ST PIERRE ISLAND and MIQUELON ISLAND, 10 m. off the south coast of Newfoundland, united area about 91 sq. m. Both are rugged masses of granite, with a few small streams and lakes, a thin covering of soil and scanty vegetation. Miquelon, the larger of the two, consists of Great Miquelon and Little Miquelon, or Langlade; previous to 1783 these were separated by a navigable channel, but they have since become connected by a dangerous mudbank. St Pierre has a sheltered harbour with about 14 ft. of water, and a good roadstead for large vessels. Their importance is due to their proximity to the great Banks, which makes them the centre of the French Atlantic fisheries. These are kept up by an elaborate system of bounties by the French government, which considers them of great importance as training sailors for the navy. Fishing lasts from May lill October, and is carried on by nearly five hundred vessels, of which about two-thirds are fitted out from St Pierre, the remainder coming from St Malo, Cancale and other French coast towns. The resident population, which centres in the town of St Pierre, is about 6500, swelled to over 10,000 for a time each year by extra fishing hands from France, but is steadily declining owing to emigration into Canada. Owing to the low rates of duty, vast quantities of goods, especially French wines and liquors, are imported, and smuggled to Newfoundland, the United States and. Canada, though of late years this has been checked by a gradual rise in the scale of duties, and by the presence since 1904 of a British consul. St Pierre is connected with Halifax (N.S.) and St Johns (Newfoundland) by a regular packet service, and is a station of the Anglo American Cable Co. and the Compagnie française des cdbles telegraphiques. Excellent facilities for primary and secondary education are given, but the attraction of the fisheries prevents their being fully used.

The islands were occupied by the French in 1660, and fortified in 1700. In 1702 they were captured by the British, and held till 1763, when they were given back to France as a fishing station. They are thus the sole remnant of the French colonies in North America. Destroyed by the English in 1778, restored to France in 1783, again captured and depopulated by the English in 1793, recovered by France in 1802 and lost in 1803, the islands have remained in undisputed French possession since 1814 (Treaty of Paris).
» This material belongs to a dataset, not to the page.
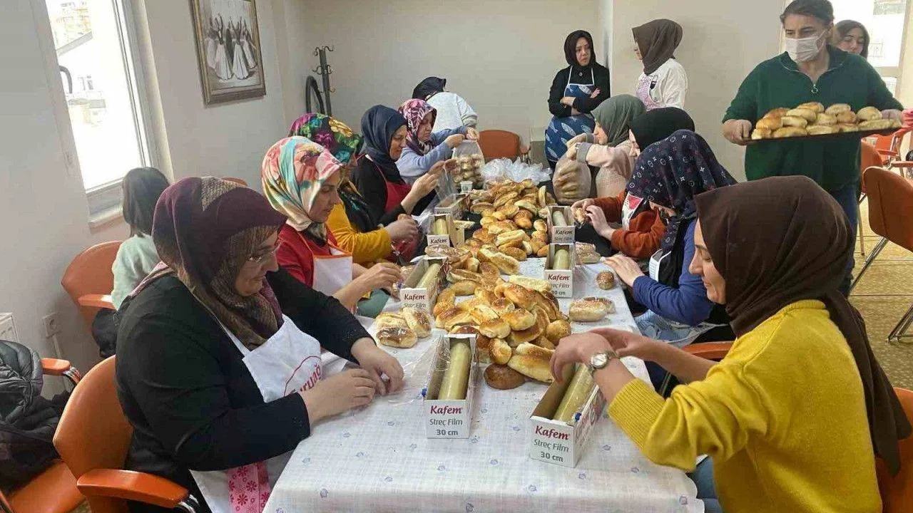 Pursaklar Belediyesine bağlı Hanım Evlerinde eğitim gören kursiyerler, deprem bölgelerinden ilçeye gelen afetzedeler için hamur işi pişirmeye devam ediyor.

See Henrique, Les Colonies fran<;aises,t. ii. (Paris, 1889) ; Levasseur, La France, t. ii. (Paris, 1893); L'Annee colonials, yearly since 1899, contains statistics and a complete bibliography; P. T. McGrath in The New England Magazine (May 1903) describes the daily life of the people. (W. L. G.)

Note - this article incorporates content from Encyclopaedia Britannica, Eleventh Edition, (1910-1911)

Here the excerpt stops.